Segment Start: Materials provided

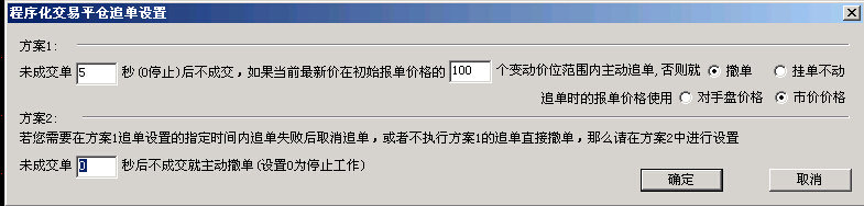 上面是追单设置,所谓追单是报单成功,但由于行情或报单价格导致单子无法成交,从而追单
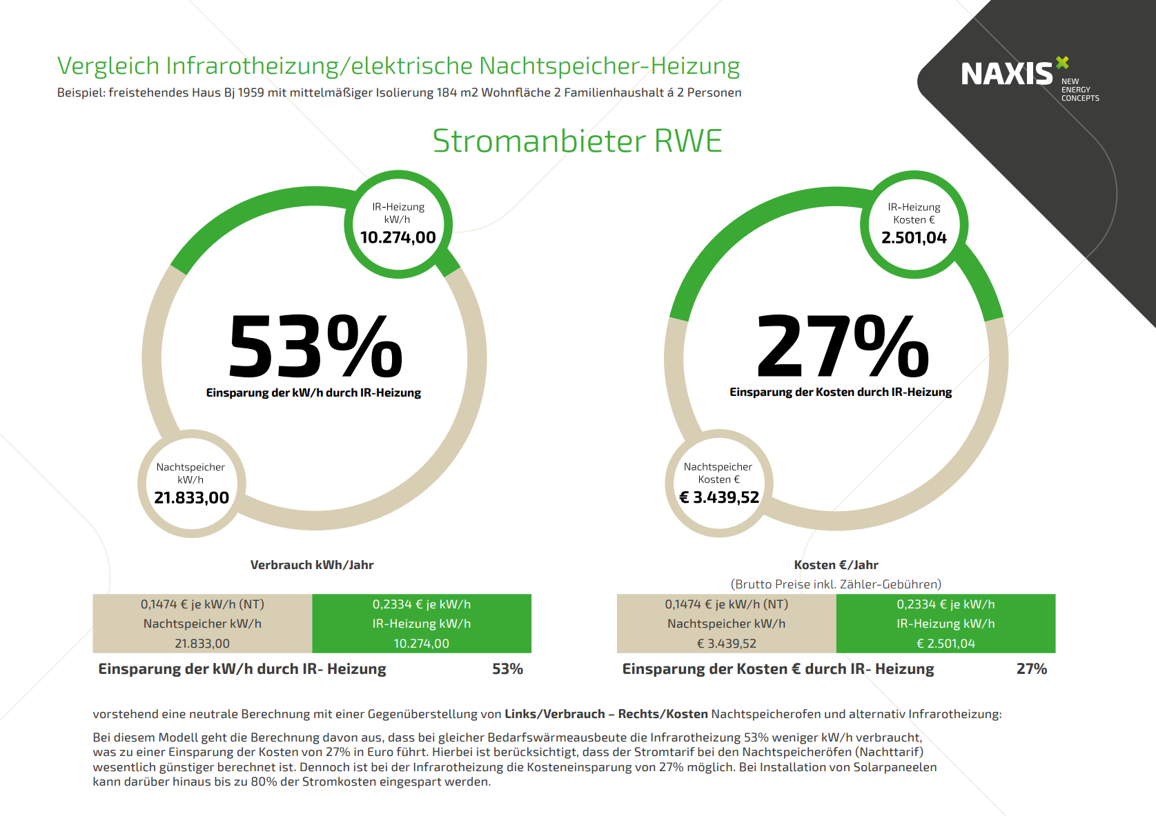 Beispielsweise wird von einem etablierten Mitbewerber bei einem Heizpaneel eine Aufheizzeit von 5 Minuten zur Erreichung von 60° C angegeben und dies als besonders effizient deklariert. Seine angegebenen spezifischen Leistungen sind ebenfalls größer; beide Faktoren führen zu einem höheren Stromverbrauch gegenüber unseren NAXIS Infrarot Heizpaneelen und senken damit die Jahreseffizienz erheblich.
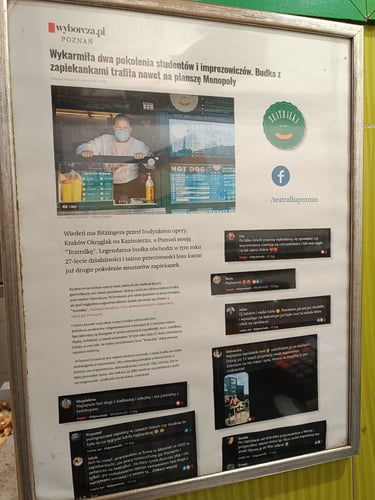 Na ścianach do dziś wiszą zdjęcia z 1995 roku, pożółkłe od czasu: uśmiechnięte twarze młodej ekipy, stare logotypy Coca-Coli. To był smak wolności: gorący, prosty, dostępny dla każdego. W artykule Wyborczej z 28 stycznia 2021 roku „Teatralka” nazwana została miejscem, które wychowało dwa pokolenia studentów. Jej popularność była tak wielka, że kiosk trafił nawet do planszowej wersji gry Monopoly.
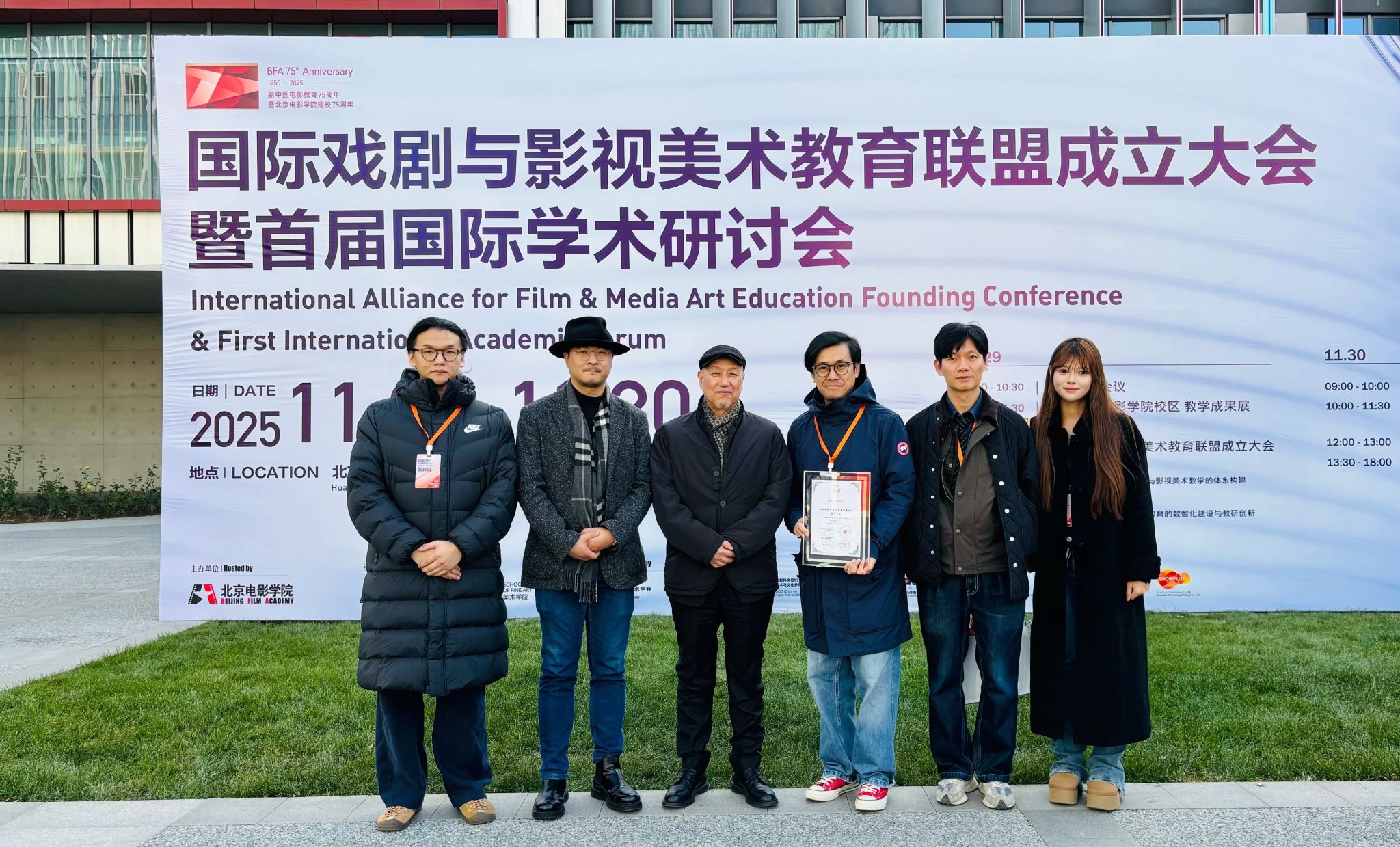 11月29日、30日,由北京电影学院主办,中国电影美术学会和联合国教科文组织电影艺术与文化多样性教席指导,以 “创新・传承・协同” 为主题的中国电影 “国际戏剧与影视美术教育联盟”成立大会暨首届国际学术研讨会正式举行,来自国内外的多所艺术院校、行业组织及产业界代表共同见证了这一国际化艺术教育平台的落地。北京电影学院党委书记周志军、原副院长王鸿海、中国电影美术学会会长霍廷霄、北京市怀柔区委宣传部常务副部长于德利,以及来自国内外52所艺术类高校的院长、学科带头人、一线美术师与产业代表出席了本次盛会,电影学院获任联盟理事单位,学院副院长孙非、舞台美术系系主任王书成、创研中心主任曲光复以及相关专业研究生参加了联盟成立及论坛活动。
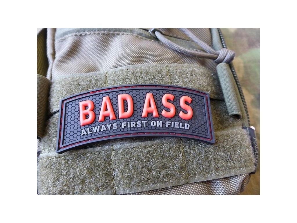 Plastová černočervená nášivka s 3D nápisem "Bad Ass, Always First on Field" (Tvrďák, v boji vždy první). Rozměr cca 87 x 37 mm, na rubu se suchým zipem. Perfektní pro cokoli, kde máte velcro panel.
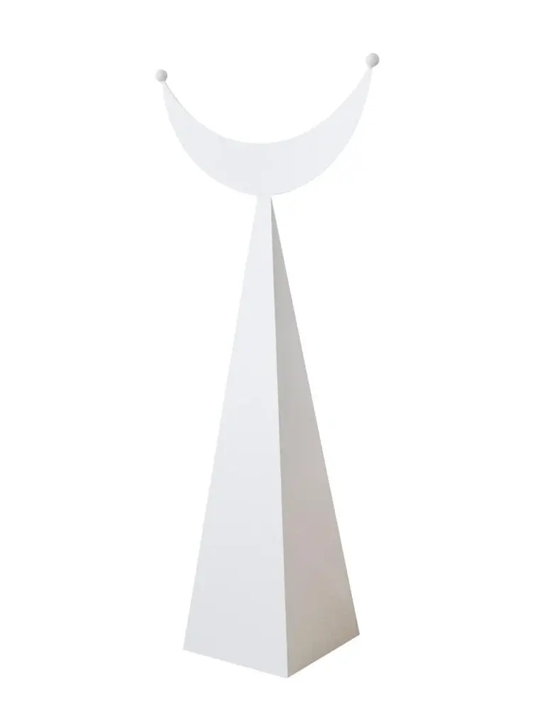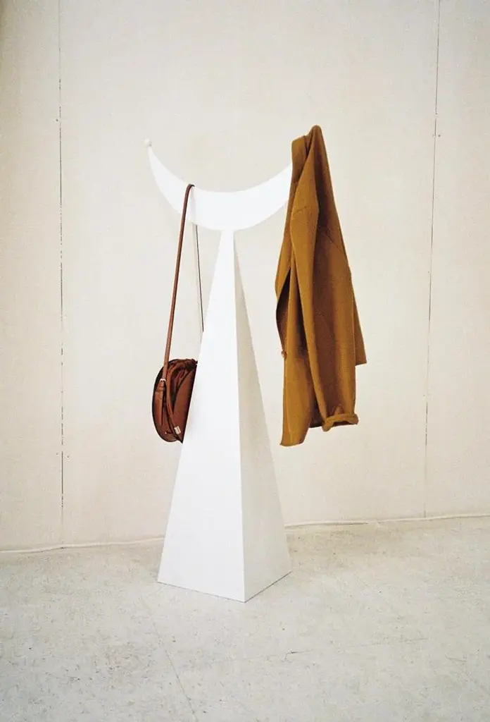 Small miró coat rack by nazara lazaro dimensions: d 28 x w 54 x h 126 cm materials: steel technique: powder-coated. It can be customized and ordered in stainless steel, rust, or powder coated in any ral color. Also available in large. The miró coat rack is part of the steel collection, a series inspired by joan miró’s paintings and picasso’s harlequins with a monochromatic nod to the memphis movement of the 80s. The piece is displayed in powder-coated steel. It can be customized and ordered in stainless steel, rust, or powder coated in any ral color. The triangle chair, miró coat rack, and halo hanging rack are part of the steel collection, a series inspired by joan miró’s paintings and picasso’s harlequins with a monochromatic nod to the memphis movement of the 80s. Nazara lázaro is a product and interior designer based in berlin, and her crooked collection was borne of the one thing that might strike fear into the majority of designers’ hearts — no 90-degree angles, and no symmetry. The use of 3d modeling software was her starting point, as she realized she could create limitless variations and then whittle the selection down to the most striking incarnations of her idea. Her ability to experiment without fear and draw from non-traditional design cues may be the result of a life spent traveling and soaking up disparate cultures, from the canary islands where she was born to japan — where she spent a two-year sabbatical learning about woodwork and architecture — to an exploration of the silk road. This piece is attributed to the mentioned designer/maker. It has no attribution mark and no official proof of authenticity, however it is well documented in design history. I take full responsibility for any authenticity issues arising from misattribution

Segment End: Materials provided

- [Brief]:
Repeat all of the entries word for word, but omit the pictures.

- [Exercise answer]:
 上面是追单设置,所谓追单是报单成功,但由于行情或报单价格导致单子无法成交,从而追单
 Beispielsweise wird von einem etablierten Mitbewerber bei einem Heizpaneel eine Aufheizzeit von 5 Minuten zur Erreichung von 60° C angegeben und dies als besonders effizient deklariert. Seine angegebenen spezifischen Leistungen sind ebenfalls größer; beide Faktoren führen zu einem höheren Stromverbrauch gegenüber unseren NAXIS Infrarot Heizpaneelen und senken damit die Jahreseffizienz erheblich.
 Na ścianach do dziś wiszą zdjęcia z 1995 roku, pożółkłe od czasu: uśmiechnięte twarze młodej ekipy, stare logotypy Coca-Coli. To był smak wolności: gorący, prosty, dostępny dla każdego. W artykule Wyborczej z 28 stycznia 2021 roku „Teatralka” nazwana została miejscem, które wychowało dwa pokolenia studentów. Jej popularność była tak wielka, że kiosk trafił nawet do planszowej wersji gry Monopoly.
 11月29日、30日,由北京电影学院主办,中国电影美术学会和联合国教科文组织电影艺术与文化多样性教席指导,以 “创新・传承・协同” 为主题的中国电影 “国际戏剧与影视美术教育联盟”成立大会暨首届国际学术研讨会正式举行,来自国内外的多所艺术院校、行业组织及产业界代表共同见证了这一国际化艺术教育平台的落地。北京电影学院党委书记周志军、原副院长王鸿海、中国电影美术学会会长霍廷霄、北京市怀柔区委宣传部常务副部长于德利,以及来自国内外52所艺术类高校的院长、学科带头人、一线美术师与产业代表出席了本次盛会,电影学院获任联盟理事单位,学院副院长孙非、舞台美术系系主任王书成、创研中心主任曲光复以及相关专业研究生参加了联盟成立及论坛活动。
 Plastová černočervená nášivka s 3D nápisem "Bad Ass, Always First on Field" (Tvrďák, v boji vždy první). Rozměr cca 87 x 37 mm, na rubu se suchým zipem. Perfektní pro cokoli, kde máte velcro panel.
 Small miró coat rack by nazara lazaro dimensions: d 28 x w 54 x h 126 cm materials: steel technique: powder-coated. It can be customized and ordered in stainless steel, rust, or powder coated in any ral color. Also available in large. The miró coat rack is part of the steel collection, a series inspired by joan miró’s paintings and picasso’s harlequins with a monochromatic nod to the memphis movement of the 80s. The piece is displayed in powder-coated steel. It can be customized and ordered in stainless steel, rust, or powder coated in any ral color. The triangle chair, miró coat rack, and halo hanging rack are part of the steel collection, a series inspired by joan miró’s paintings and picasso’s harlequins with a monochromatic nod to the memphis movement of the 80s. Nazara lázaro is a product and interior designer based in berlin, and her crooked collection was borne of the one thing that might strike fear into the majority of designers’ hearts — no 90-degree angles, and no symmetry. The use of 3d modeling software was her starting point, as she realized she could create limitless variations and then whittle the selection down to the most striking incarnations of her idea. Her ability to experiment without fear and draw from non-traditional design cues may be the result of a life spent traveling and soaking up disparate cultures, from the canary islands where she was born to japan — where she spent a two-year sabbatical learning about woodwork and architecture — to an exploration of the silk road. This piece is attributed to the mentioned designer/maker. It has no attribution mark and no official proof of authenticity, however it is well documented in design history. I take full responsibility for any authenticity issues arising from misattribution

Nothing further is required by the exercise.